Electricity prices across South-East Europe moved lower during calendar week 13 (23–29 March), but the decline was measured rather than structural, with underlying market fundamentals continuing to point toward a tight and volatile pricing environment.
Across the region, day-ahead baseload prices softened modestly. Greece averaged €96.75/MWh, down 3.55% week-on-week, while Bulgaria declined by 2.33%. Serbia recorded one of the more pronounced corrections, falling to €93.02/MWh, a 4.83% decrease, reflecting both easing gas input costs and a temporary improvement in supply conditions. Italy, which continues to act as the structural premium market for Southern Europe, dropped by 7.22% to €138.28/MWh, yet remained significantly above neighbouring SEE markets.
The primary driver behind the week’s decline was the movement in European gas markets. TTF front-month futures softened during early sessions, moving from levels above €56/MWh toward the €52–54/MWh range, reducing marginal costs for gas-fired generation. Given that gas continues to set the marginal price across much of SEE, even relatively small shifts in TTF pricing quickly feed through into electricity markets.
However, the reduction in power prices remained shallow. Market participants broadly agreed that the downside was capped by persistent geopolitical risk, particularly the evolving situation involving the United States and Iran. While there were intermittent signals suggesting de-escalation, the market continued to price in the possibility of supply disruptions—especially those affecting LNG flows through critical maritime routes such as the Strait of Hormuz.
This dynamic has created what traders increasingly describe as a “compressed downside environment.” Prices may ease on short-term fundamentals such as lower gas prices or improved renewable output, but any correction tends to be limited in both magnitude and duration.
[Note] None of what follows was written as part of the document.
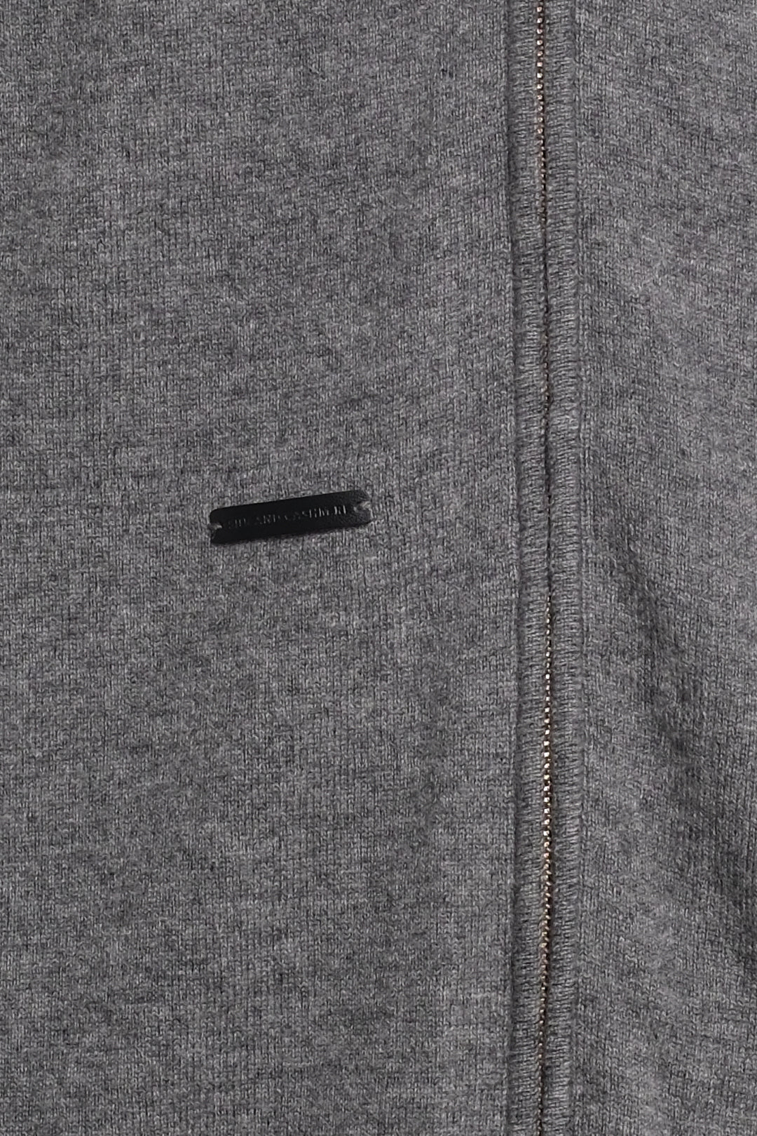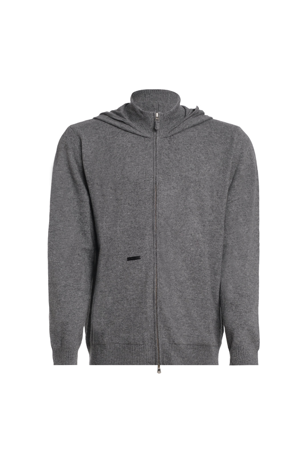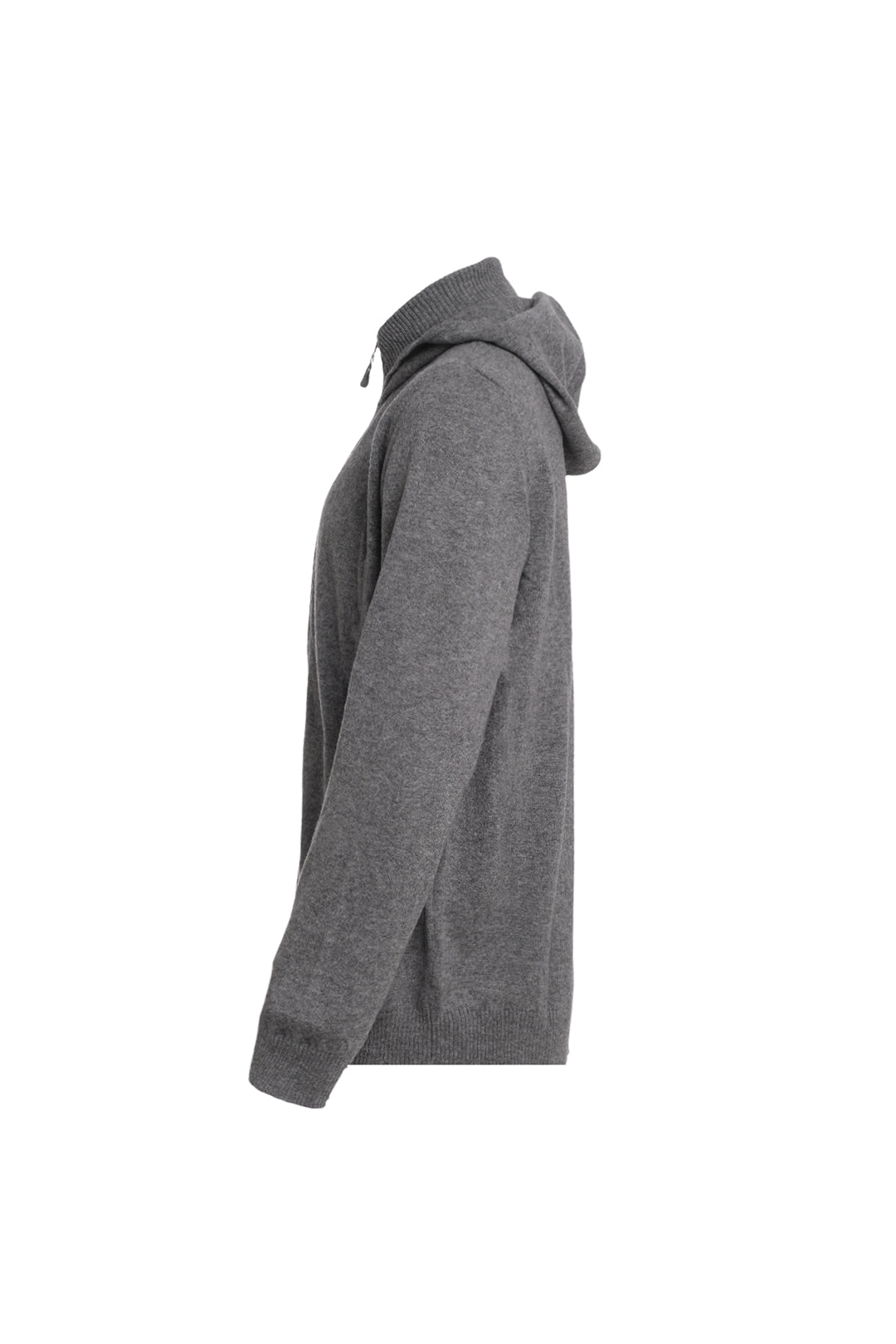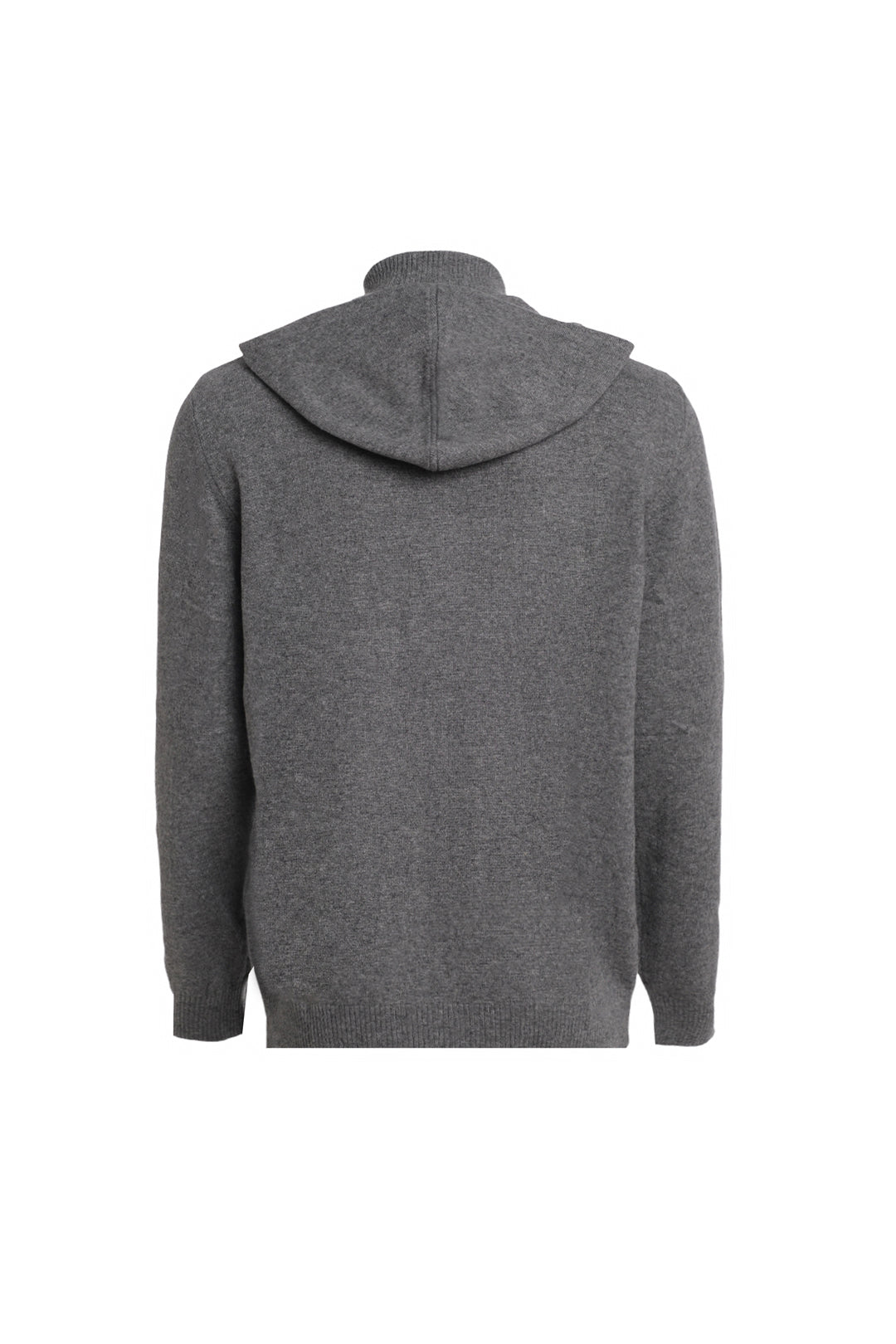 Orta Gri Melanj Kaşmir ve Yün Geri Dönüştürülmüş Reloved Yüksek Yaka Erkek Kapüşonlu Hırka

Forward curves reflect this asymmetry, remaining elevated and relatively flat across Q2 delivery periods.
Türkiye stood apart from the broader regional trend. Prices there rose by 9.52%, driven by a significant increase in domestic electricity demand. The divergence underscores the degree to which local fundamentals—particularly demand-side pressures—can override broader regional trends in markets with distinct structural characteristics.
At a regional level, the pricing corridor remained firmly elevated. Most SEE markets continued to trade within a €90–120/MWh range, well above historical averages for late March. This suggests that while volatility remains high, the system is operating around a higher equilibrium level compared to pre-crisis years.
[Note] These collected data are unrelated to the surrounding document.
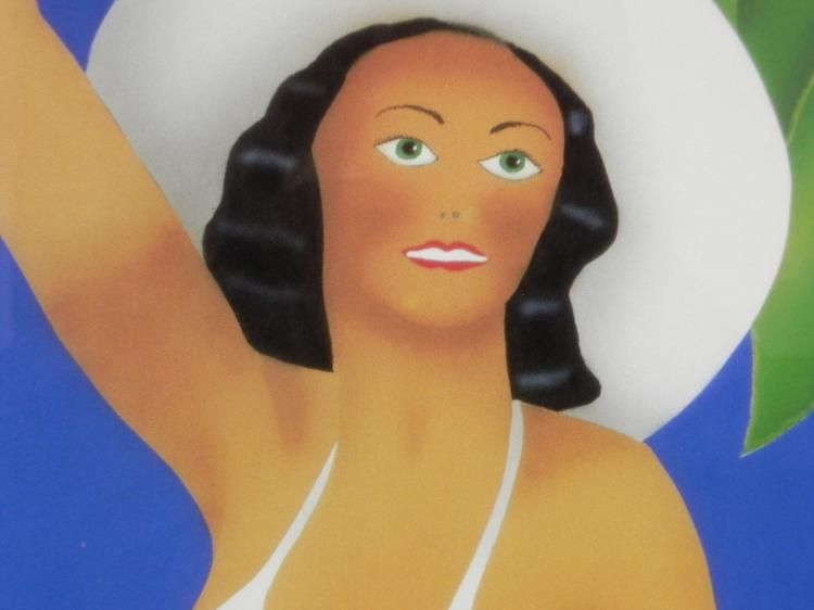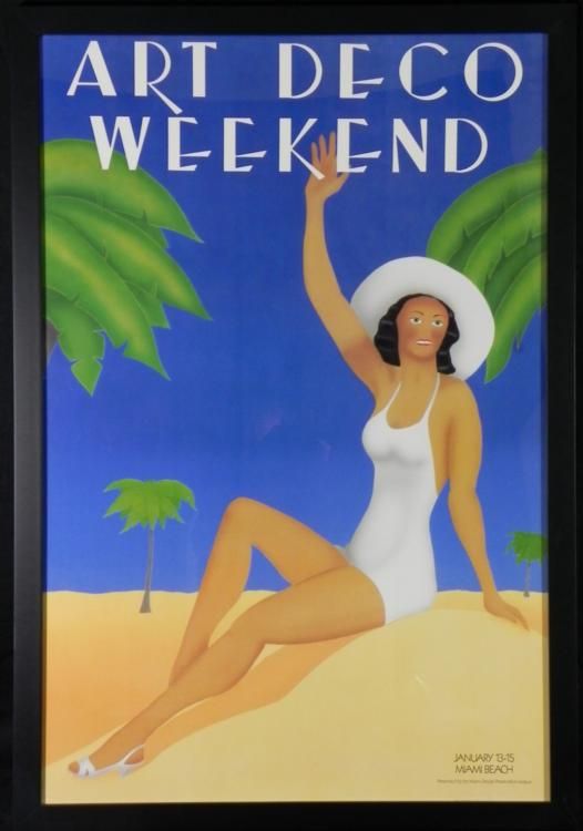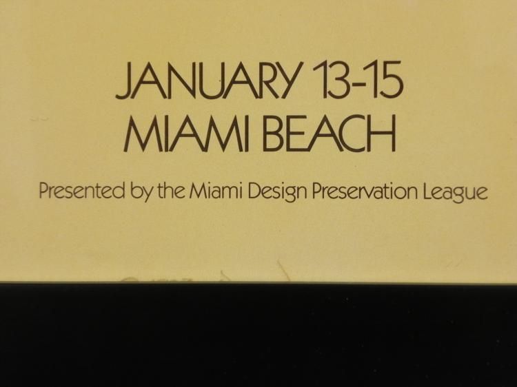 This poster combines the natural beauty of Miami Beach with an Art Deco Bathing Beauty! It was done for the fabulous event that took place in South Beach in 1983. * * Artist: Woody Vondracek * Medium: Print on glossy paper * Year: 1983 * Image size: 22 1/2 x 34 inched * Framing: In matte black laminate frame * Frame size: 25 x 36 1/2 inches * Condition: Excellent
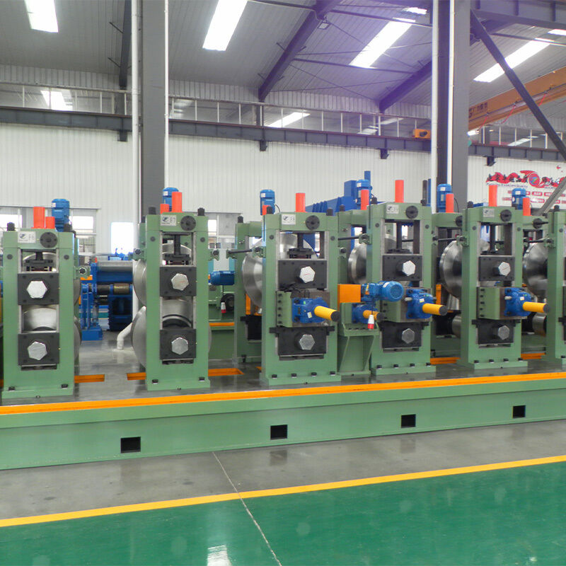 Diese ERW-Rohrherstellungsmaschine richtet das fixierte Band nach der Schlitzlinie aus und führt es der Formmaschine zu. Das Band wird durch Rollen in Rohrform gebogen, wobei die Kanten durch Hochfrequenzstrom geschmolzen und durch Quetschrollen zusammengeschweißt werden. Auch als Hochfrequenzrohrmühle bekannt.
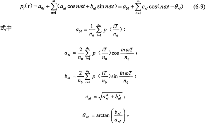 方程右端的激勵精圖治振力是復雜周期函數(shù),依據(jù)傅里葉級數(shù)展開原量,可將非簡諧的周期性激振力展成多個頻率成整倍數(shù)關系的簡諧激振力函數(shù)之和。由前面分析知,連桿力分力、慣性力和曲柄軸扭矩均為曲柄轉角的函數(shù),由于曲柄軸轉速恒定,故,激振力為時間的函數(shù),設為Pl(t),(l=1,2,3,4)其周期為T,考慮到激振力函數(shù)復雜且連桿力中的懸點載荷W難以用數(shù)學表達式描述,積分難以實現(xiàn),采用求和的方法求系數(shù)更為有效,以n0作為一個周期的等分區(qū)間數(shù)(一般取n0=36),時間區(qū)間為△t=T/n0,則它的傅里葉級數(shù)為:

Another notable feature of the week was the persistence of convergence pressures across interconnected markets. Although price spreads between countries narrowed slightly, full convergence remains constrained by grid bottlenecks, differences in generation mix, and varying levels of import dependency.
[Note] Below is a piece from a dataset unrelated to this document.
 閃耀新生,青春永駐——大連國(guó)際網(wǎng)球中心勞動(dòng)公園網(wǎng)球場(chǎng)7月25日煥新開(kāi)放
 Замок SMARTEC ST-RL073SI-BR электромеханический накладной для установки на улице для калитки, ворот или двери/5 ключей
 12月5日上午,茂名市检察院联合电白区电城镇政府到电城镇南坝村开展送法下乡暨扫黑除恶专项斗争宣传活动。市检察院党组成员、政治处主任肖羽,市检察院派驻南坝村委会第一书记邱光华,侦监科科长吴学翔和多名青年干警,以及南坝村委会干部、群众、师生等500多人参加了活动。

The broader conclusion from CW13 is that SEE electricity markets are no longer driven by a single dominant factor but instead reflect a layered interaction between gas prices, renewable output, hydrological conditions, and geopolitical developments. Within this framework, gas remains the anchor, but its influence is increasingly mediated by system flexibility and cross-border flows.
Looking ahead, traders are positioning for continued volatility rather than directional moves. While short-term corrections are expected to persist, the structural tightness of the system—combined with external risk factors—suggests that prices will remain supported, particularly during periods of increased demand or reduced renewable generation.